Write back every line of the listing exactly, excluding images.

**INFORMATION SUPPLIED:**
• • • •

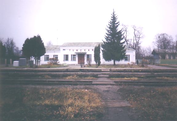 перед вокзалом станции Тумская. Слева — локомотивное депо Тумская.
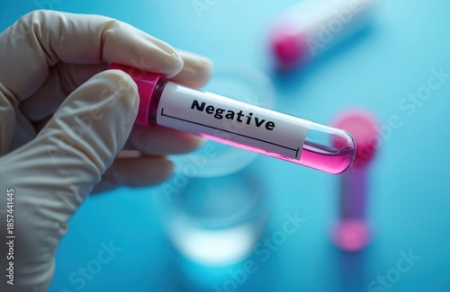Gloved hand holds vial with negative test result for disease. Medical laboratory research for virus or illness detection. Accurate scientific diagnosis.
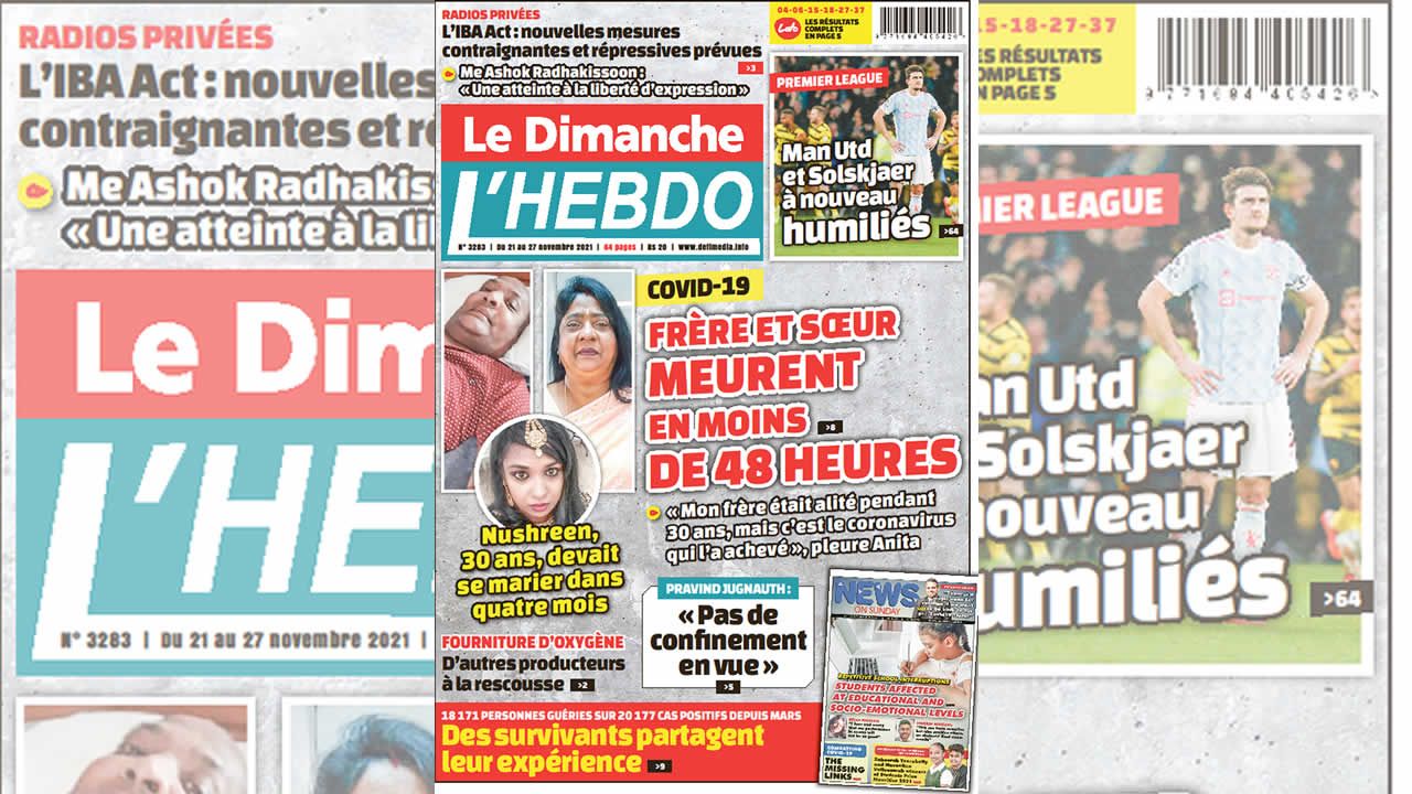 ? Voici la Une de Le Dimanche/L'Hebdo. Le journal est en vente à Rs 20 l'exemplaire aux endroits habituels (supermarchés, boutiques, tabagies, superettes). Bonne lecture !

• • • •

**RESPONSE TO THIS EXERCISE:**
 перед вокзалом станции Тумская. Слева — локомотивное депо Тумская.
Gloved hand holds vial with negative test result for disease. Medical laboratory research for virus or illness detection. Accurate scientific diagnosis.
 ? Voici la Une de Le Dimanche/L'Hebdo. Le journal est en vente à Rs 20 l'exemplaire aux endroits habituels (supermarchés, boutiques, tabagies, superettes). Bonne lecture !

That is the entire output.